We’ve made it so nice and so cosy. My heart sings every time I open the front door and walk in after the drive down in the evening. More often than not, John is at the Aga whipping up dinner and dancing around to Bon Jovi with a tea towel over his shoulder. It’s all I’ve ever really wanted. ‘But we don’t own it or anything.’

‘What does that have to do with anything? Plenty of people in this country don’t own their home and never will. Pablo says Irish people get too bogged down in owning land. On the continent people rent all their lives – it doesn’t stop them having a home. His abuelo on his father’s side was a nomad. Mardonium, meaning warrior. I gave it a hard pass before it was even out of his mouth.’

‘Imagine having a Mardonium starting in Junior Infants. You made the right choice.’

‘I know. Mardonium Moran.’ She flashes me a look, probably to see if I object. ‘The child is taking my surname, obviously.’

‘Oh, obviously.’ I couldn’t care less what the child is called as long as it’s healthy and happy and not called Mardonium. ‘Thanks for the advice, Maj. You’re very wise, you know?’

****

We split into teams for ‘Guess the Babby with the Booty’, and Sumira Singh turns out to be surprisingly good at figuring out whose baby picture has been photoshopped onto the body of an exotic dancer. Constance Swinford was a very handsome infant – we all say it. Majella allows a poll on whether it’s a boy or a girl, even though she swears Pablo’s spidey superstitious senses will be tingling. It results in a dead heat, and we make the barman cast the deciding vote. He goes for boy, but the poor divil has started to look very shook. It’s not even five o’clock and the dance-floor is already in use. He definitely didn’t come in for his shift working a baby shower and expect to see this much twerking before dinner time.

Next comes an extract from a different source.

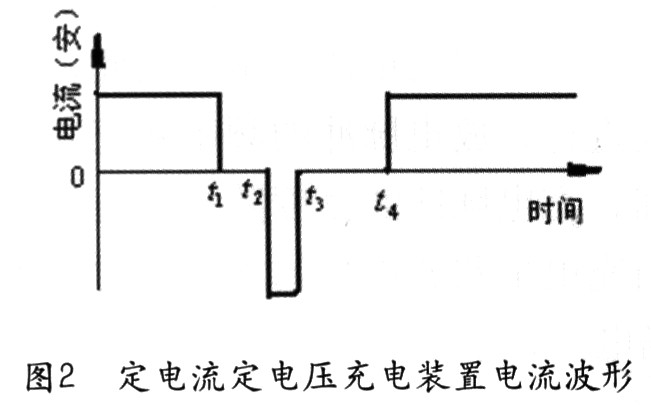 地方上已有這種充電設(shè)備,其工作過程是三相交流電源經(jīng)接觸器、變壓器及可控硅充電開關(guān)對蓄電池充電。待蓄電池電壓達到出氣點電壓時,經(jīng)過電壓傳感器檢測并發(fā)出信號。此信號使充、放電狀態(tài)控制器轉(zhuǎn)為停止充電狀態(tài),并發(fā)出三個控制信號。第一個控制信號是關(guān)斷充電脈沖發(fā)生器的信號。第二控制信號是開始去極化信號,它經(jīng)過放電前停止充電延時電路延時(t1-t2)后,發(fā)出放電開始脈沖,打開放電開關(guān),蓄電池開始向放電電阻放電并經(jīng)過放電延時電路延時(t2- t3)后,發(fā)出放電關(guān)脈沖,結(jié)束放電。依次重復(fù)進行充放電過程,直至充電結(jié)束。第三個控制信號送給開始放電計時器,使其從第一次去極化放電開始計時,到預(yù)定的時間后結(jié)束充電,自動關(guān)機。用這種方法充電,蓄電池的充電和放電電流波形如圖2所示。上述兩種方法是蓄電池充電方法的改進方向。我國采用的快速充電方案很多,性能差異很大。各種充電方法對蓄電池的壽命影響也大不相同。這兩種方法在理論上比較適合對蓄電池充電的要求。

‘Drink, Ais?’ Sadhbh is heading for the bar after a therapeutic cry in the toilets with me, Elaine and Ruby. She keeps swinging wildly between acceptance and denial about her break-up with Don. To be honest, none of us can believe it, but we have to be good friends and tell her she’s a ride and a catch and will find someone even better than Don when she’s good and ready.

‘Do you think there’s anyone better than Don?’ Elaine whispers as we leave the bathroom.

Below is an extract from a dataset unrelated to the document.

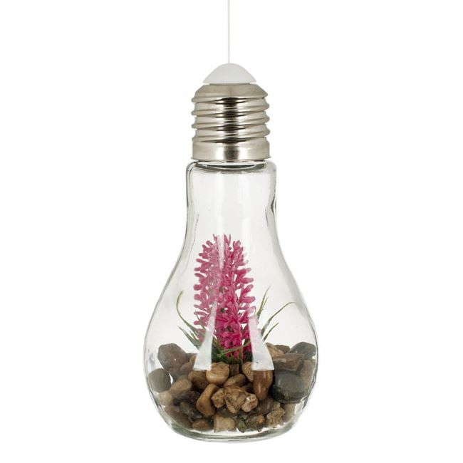 Varázsoljon meghitt hangulatot otthonába ezzel az elegáns, átlátszó üvegből készült dekoratív LED-es lámpával. A vízcsepp formájú üvegbúra belsejében stílusos barna díszkövek és egy élénk fukszia színű virág található, amelyeket a beépített LED fény világít meg, különleges esztétikai élményt nyújtva.

‘God, no, although losing his shit over the baby thing has lost him a few points.’ Ruby, matter of fact as always.

I refuse the offer of a sandwich, just waiting to get the stripper out of the way before I relax completely. I check with Hannah that he’s on his way and then start gathering up bundles of dollar bills for the poor craythur. I hope he knows what he’s in for.

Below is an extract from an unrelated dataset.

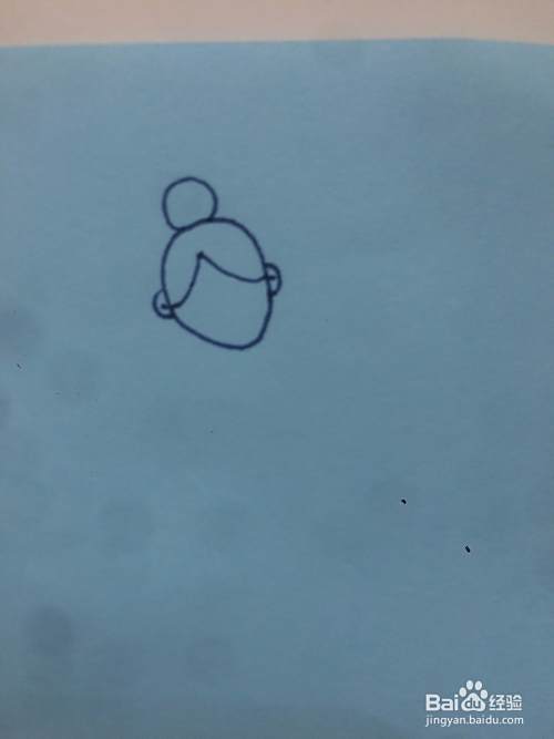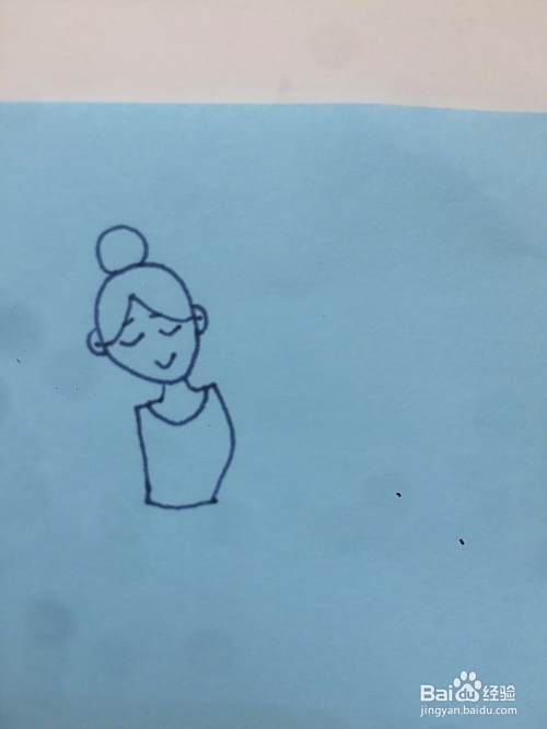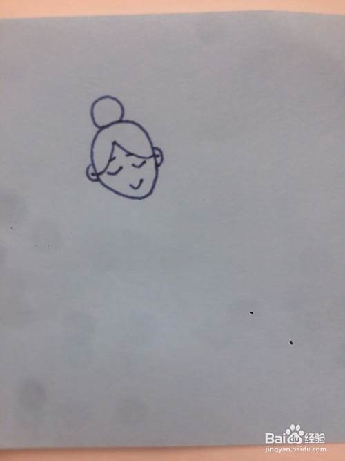 在圆内用两条弧线分开,做为刘海头发,然后在上面画一个椭圆,丸子头

I pass Cara and Síomha sitting at a fairly empty table – Mammy, Tessie Daly and Úna Hatton are over at the cake, fighting about the best way to cut it – and smile at them. They’re looking a bit less shook, thank God. Then I double back to them. Might as well be friendly and have a chat. ‘Hiya, girls, mind if I sit down?’

Cara indicates the empty chair beside her and starts talking immediately. ‘Aisling, we just wanted to say again how sorry we are. The poor cat –’

‘Honestly, girls, it’s fine. Don’t beat yourselves up. It could have been me or Mammy that did it. It was just bad luck. Mostly for the cat. C’mere, are you enjoying yourselves?’

‘It’s really lovely,’ Síomha says. ‘Good fun, and surprisingly non-PG?’

‘That’s actually a great way to sum up Majella.’

‘Your friend Niamh is lovely. The one who lives in New York. She has such a glamorous life over there. I can’t believe she knows Bono’s daughters.’

‘Oh, she told you all about that, did she?’ I know for a fact that Niamh from Across the Road met the Bono girls precisely once at a fancy magazine awards event and they couldn’t pick her out of a line-up. Tara was there too, shoehorning them into pictures for her blog, and the closest Niamh got to being friends with them was holding one of their drinks. Still, though, let her have her glory in the ballroom of the Mountrath. She’s in a delicate condition, after all.

‘Is there really a stripper coming?’ Cara looks incredulous. ‘I thought the people in the WhatsApp group were joking.’

‘Oh, he’s definitely coming. Hopefully in about twenty minutes. Here, have some dollars.’

They exchange a look as I stuff the fake bills into their hands. ‘We actually wanted to talk to you about something.’ Cara leans forward. ‘It’s about our dad.’